大量流出した「社会保障番号」に代わる、米国の「新しい個人ID」は実現するか
2017.12.30

米国で不可欠な個人IDである社会保障番号(ソーシャル・セキュリティ・ナンバー)について、人口の半数にあたる1億4,300万人分が漏洩した事件が衝撃を与えている。
これに代わる新しいIDシステムの構築が模索されているが、一筋縄ではいかない状況が続いている。そこには、いったいどんなハードルが待ち構えているのか。

プライヴァシーとセキュリティの擁護者たちは数十年にわたり、社会保障番号に対して米国社会が過度に依存していることの危険性について、警鐘を鳴らしてきた。
だが、社会保障番号に代わるものについての真剣な議論が具体化したのは、米信用調査会社エキファックスへの大規模ハッキング攻撃により、
1億4,500万人のナンバーが個人情報とともに漏洩してしまった可能性があると同社が発表してからのことだ。

だが、社会保障番号に代わるものが何なのかという問題は、問うのは簡単だが答えるのは難しい。
現システムのワンストップ(1カ所で済む)の利便性に対し、シンプルで明確な代替手段はない。
社会保障番号に代わる物が何であれ、それは、拡張可能でより精密なアプローチが必要になるだろう。
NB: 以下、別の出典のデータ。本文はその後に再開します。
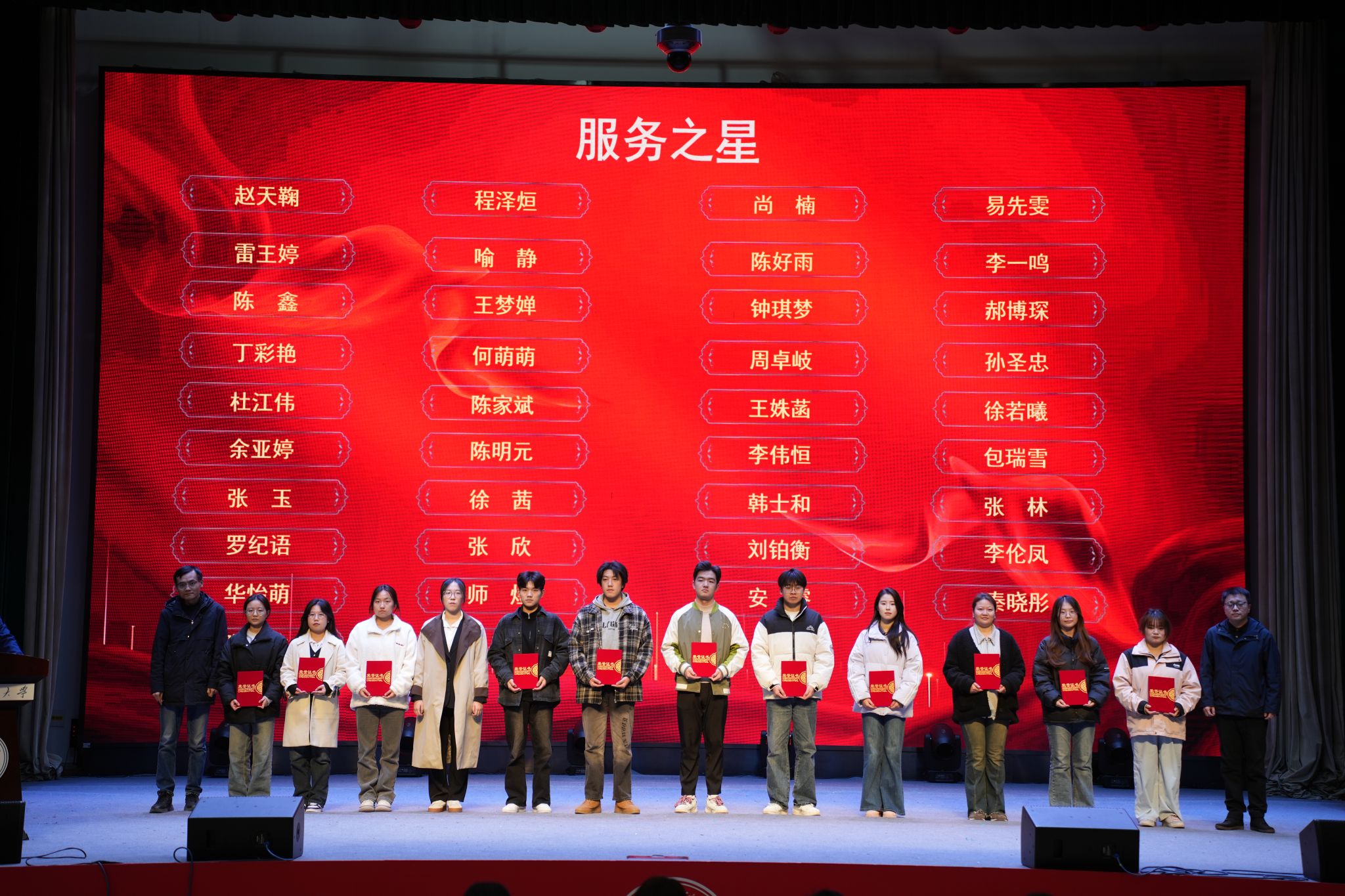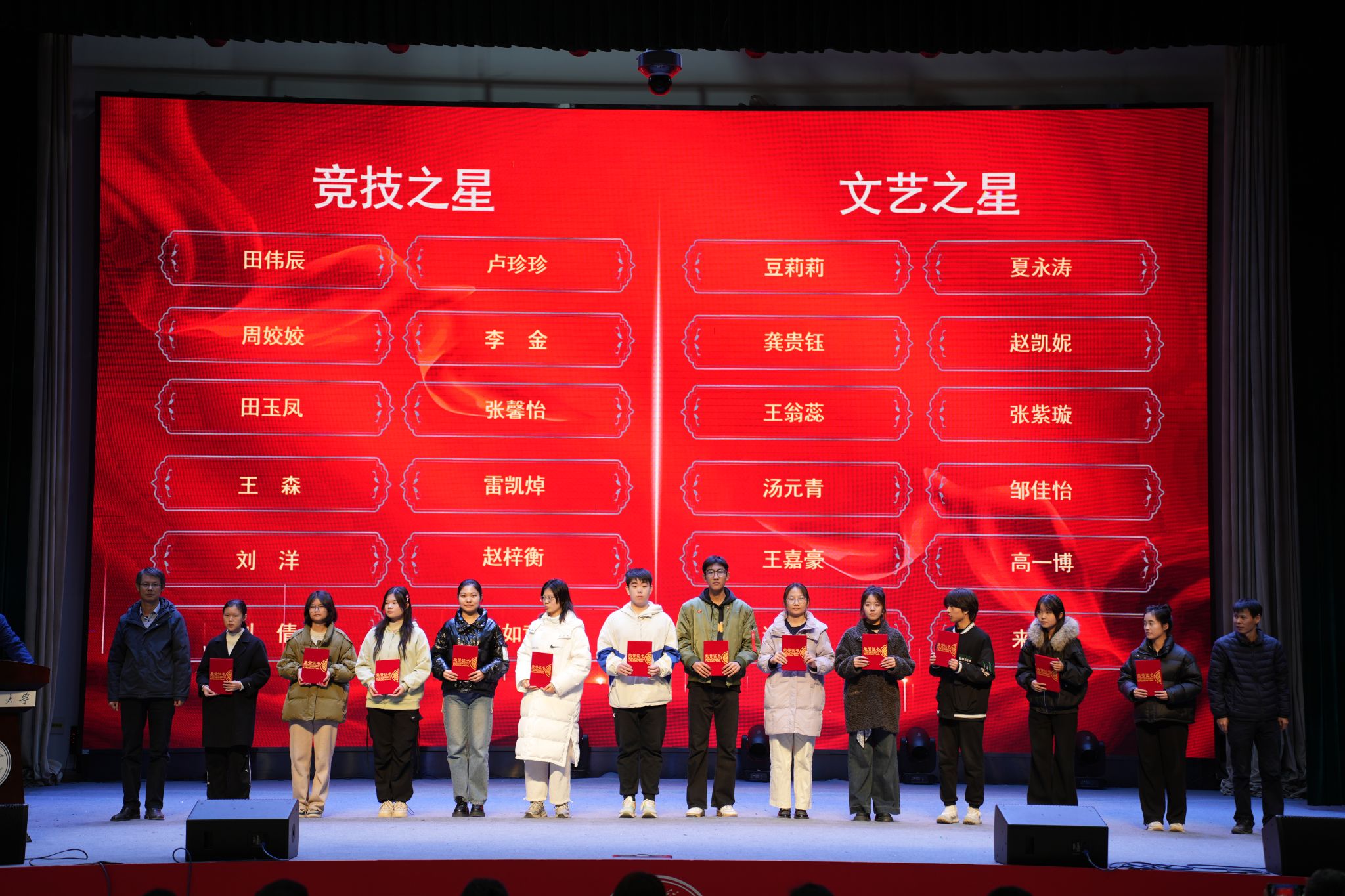 颁奖环节,与会嘉宾依次为“五星工程”先进个人、优秀宿舍、优秀学生与团员、优秀学生干部与团干部、先进班集体、学科竞赛获奖者及国家奖学金获得者等七类先进代表颁奖,全方位展现了AC米兰中文学子在德智体美劳全面发展中的卓越风采与昂扬风貌。国家奖学金获得者代表邢艺耀结合自身求学经历分享成长感悟。
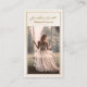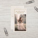 Um cartão de visita com um planejador de casamento em mente. Mostra a parte de trás de uma bela noiva sentada num balanço com um fundo cênico.
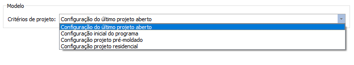 Observação: Caso apareça apenas a opção "Configuração do último projeto aberto" verifique a pasta padrão configurada para Modelos, acessando a Guia Estrutura > Configurações > Sistema > Sistema > Pastas padrões > Modelos, e se nela constam arquivos de modelos criados na versão que está sendo utilizada. Lembrando que também é possível importar um arquivo modelo a qualquer momento durante o desenvolvimento do projeto como descrito em Como copiar as configurações de um projeto do Eberick.
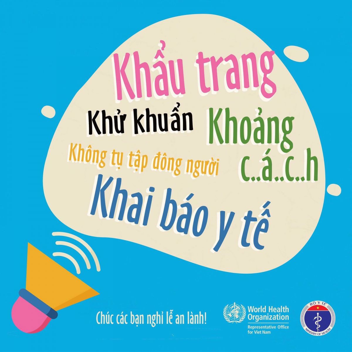 3. Thực hiện tốt Khuyến cáo 5K: KHẨU TRANG - KHỬ KHUẨN - KHOẢNG CÁCH - KHÔNG TỤ TẬP - KHAI BÁO Y TẾ để phòng, chống dịch COVID-19.
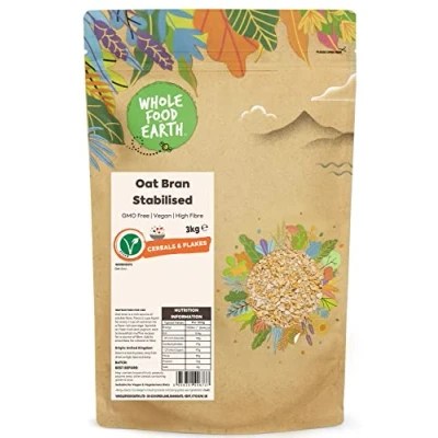A World of Goodness: Whole Food Earth Organic Oat Bran Stabilised – the essence of British-made oat perfection. Our delicate oat bran, separated from whole oats, carries a natural oat aroma, creamy hues, and a mild, slightly nutty flavour. Add this wholesome fibre boost to your recipes for a touch of nature's goodness. Rich and Flavorful: Organic oat bran, a gift from nature, adds body and a natural flavour to your dishes. Each bite not only resonates with the rustic charm of nature but also introduces a dose of dietary fibre, supporting digestive health and promoting a sense of fullness. High-quality Ingredients: Crafted with the utmost care, our Organic Oat Bran Stabilised embodies the purity of nature. It's 100% natural, non-GMO, and embraces the rich trio of fibre, minerals, and protein bestowed by nature. Enriched with oat beta-glucan, it's a powerhouse of calcium, iron, and magnesium. No added sugar, fillers, or fortified ingredients – just the unadulterated goodness of certified organic oats Instructions to Use: Whole Food Earth Organic Oat Bran Stabilised invites you to a simple, natural fibre boost. Start your day by adding a sprinkle to your breakfast cereal, porridge, or yoghurt. For savoury moments, enrich your soups and hotpots with the pure goodness of oat bran. Vegan-friendly and certified organic. Keep in a sealed container in a cool, dry location, shielded from direct sunlight. Just The Good Stuff / Fully Recyclable Packaging: Wholefood Earth is committed to sustainable practices, using fully recyclable packaging. This process involves efficient collection, separation, baling, shredding, and thorough washing. Materials are then melted and pelletized before being transformed into new packaging. This comprehensive approach minimizes waste and contributes to a healthier environment. ✔ OUR STORY: Thank you for knowing It's what's on the inside that counts. For wanting a future without toxins in the food your children eat. For insisting on the accountability that traces food back to its source. For protecting the biodiversity that nurtures animal habitats and makes crops thrive. And, from everyone here at Wholefood Earth, thank you for using your buying power to make meaningful, informed choices that will continue to nourish our people and our planet today, tomorrow, and forever. We're here for a healthier, sustainable, and wholesome earth.
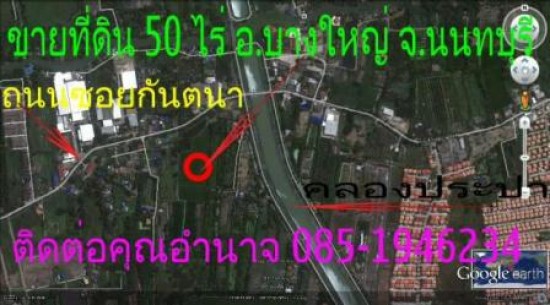 ขายที่ดิน 50ไร่ ติดถนนซอยกันตนา ถนนกาญจนาภิเษก อ.บางใหญ่ จ.นนทบุรี จากถนนกาญนาเพียง 3.8 กม.ที่ดินเหมาะทำโครงการขายไร่ละ 3.5 ล้าน และโซนในซอยนี้เหลือแปลงใหญ่ติดถนนอยู่แปลงเดียวการเดินทางสะดวกสามารถออกซอยวัดพระเงินได้ ใกล้โรงพยาบาลบางใหญ่เพียง 4 กม. ,ห่างจากสถานีรถไฟฟ้าบางใหญ่เพียง 8 กม. ,ห้างบิ๊กซีบางใหญ่เพียง 7 กม. ,ห่างจากโลตัสสาขาพระราม 5 เพียง 6 กม. การเดินทางสะดวกสามารถออกถนนรัตนาธิเบศได้ ,ถนนพระราม 5(นครอินทร์)ได้,ออกถนนวงแหวนตะวันตก,ถนนบรมราชชนนีได้ สนใจติดต่อคุณอำนาจ 085-1946234 คุณธีรภัทร(ตุ้ย) 089-0619130 http://www.tplandhouse.com ศูนย์บริการรับฝากขาย บ้าน ที่ดิน ขายฝาก ซื้อ เช่า โฆษณา รับถมที่ดิน ฟรีโฆษณา
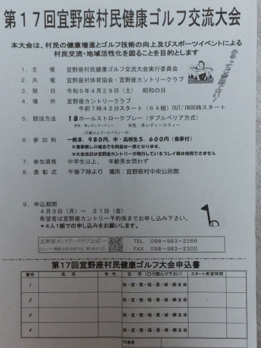 PS.家に帰ると、郵便ポストに、宜野座村からのお知らせが・・・。宜野座村民健康ゴルフ交流大会、去年は北海道に帰ってて出れなかったので、今年は出るぞーと思ったら???単独で、申し込めない!!!えーーー4人一組の申し込みです・・・宜野座村だけでゴルフ友達は80人以上居ますが・・・。んーーー!皆、誰かと決まってそうだし。
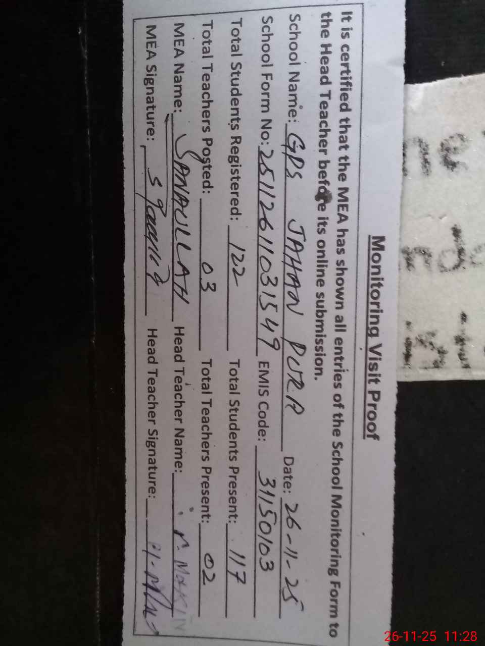 | EMIS Code: 31150103 | Name of School: GPS JAHAN PURA | |||

米国政府のサイバーセキュリティ・コーディネーターを務めるロイ・ジョイスは、17年10月に、「変える必要があることは非常に明白だと思います。現行のシステムには欠陥があります。
考えてみれば、社会保障番号を使用するたびに自らを危険にさらしているのです」と述べた。

本来の機能から逸脱して普及
社会保障番号はもともと、企業の従業員IDや水道管工事企業の顧客記録番号と同じように、1種類のデータを追跡することを目的につくられている。
社会保障局のウェブサイトには、「(社会保障番号の)カードは個人識別の資料として使用するためのものではありません」と記載されている。
しかし社会保障番号の使用はこれまで、本来の目的から逸脱してきた。
社会保障番号は数え切れないほど多くの業界や行政機関に使用され、多様な情報と結び付けられている。

人々とデータを結びつけるID、そして申請者本人であることを証明するための認証システムの両方の役割を果たしている社会保障番号の機能は、すべて9桁からなる社会保障番号を完全に機密とすることを前提としている。
だが、9桁の数字は推測が非常に容易だ。
機密性についてはこれまでも疑問視されていたが、エキファックスの一件により機密を保つことは不可能であろうことが確実になった。

IDシステムの全面見直しに関する主張に懐疑的なプライヴァシー擁護者であっても、社会保障番号を早急に置き換えなければならないという差し迫った必要性については認めている。
NSTIC内でプライヴァシーの促進に関わったACLUのスタンリーは、「個人を確認し認証する方法が必要であるのは明白です。そして、プライヴァシーを保護しながらそうしたことを行う方法は存在します」と述べる。